Ma la Mela, come tutti i suoi "colleghi", avrà una via di scampo: se chi gestisce i diritti della musica che distribuisce tramite iTunes sarà d'accordo, allora il negozione web potrà continuare a mantenere un DRM non interoperabile. La decisione, dunque, passa dai jukebox ai detentori dei diritti.
Secondo l'agenzia AFP, le aziende riunite nel gruppo Americans for Technology Leadership hanno detto fermamente "no" all'iniziativa francese: "La versione finale della legge", ha detto il direttore dell'organizzazione Jim Prendergast, "dimostra pienamente che la Francia non ha il minimo rispetto della proprietà intellettuale". Anche Microsoft appartiene all'associazione diretta da Prendergast. La OECD, invece, è dell'avviso che "la mancanza di interoperabilità è un rischio per l'industria dei contenuti".

Nonostante la gravità di questi assalti frontali da parte dell'industria statunitense, con questa nuova legge la Francia si avvicina comunque alle direttive europee sulla tutela del diritto d'autore: la Commissione Europea ha già iniziato a lavorare per legittimare definitivamente le tecnologie DRM, considerate necessarie per le esigenze di autori e produttori. Una necessità che per essere soddisfatta potrebbe persino portare all'abolizione dell'equo compenso pur d'introdurre l'obbligo di file protetti da DRM.

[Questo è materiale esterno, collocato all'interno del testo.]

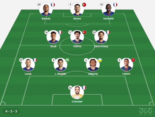 Provável escalação do PSG: Chevalier, Hakimi, Zabarnyi, Beraldo, Hernández; Vitinha, Zaïre-Emery, Doué, Dembelé, Barcola, Ramos. Técnico: Luis Enrique

Sul New York Times si legge che la situazione a Parigi, per quanto arroventata, potrebbe essere la prima scintilla di una vera e propria rivoluzione nel mercato multimediale. "Il testo del provvedimento afferma il principio dell'interoperabilità", ha detto il ministro della cultura francese, "ed in questo campo siamo adesso dei pionieri".

Alcune associazioni di consumatori in Svezia, Danimarca e Norvegia hanno già iniziato a fare pressione su Apple affinché il DRM di iTunes venga reso compatibile con altri dispositivi. Nei paesi scandinavi alcuni sviluppatori stanno già lavorando ad un sistema DRM aperto e compatibile con tutti i dispositivi. I governi di Polonia e Svizzera, sempre secondo il New York Times, starebbero pensando ad avviare un processo di riforma del copyright entro la fine del 2006: qualcuno inizia a pensare che seguiranno l'esempio francese.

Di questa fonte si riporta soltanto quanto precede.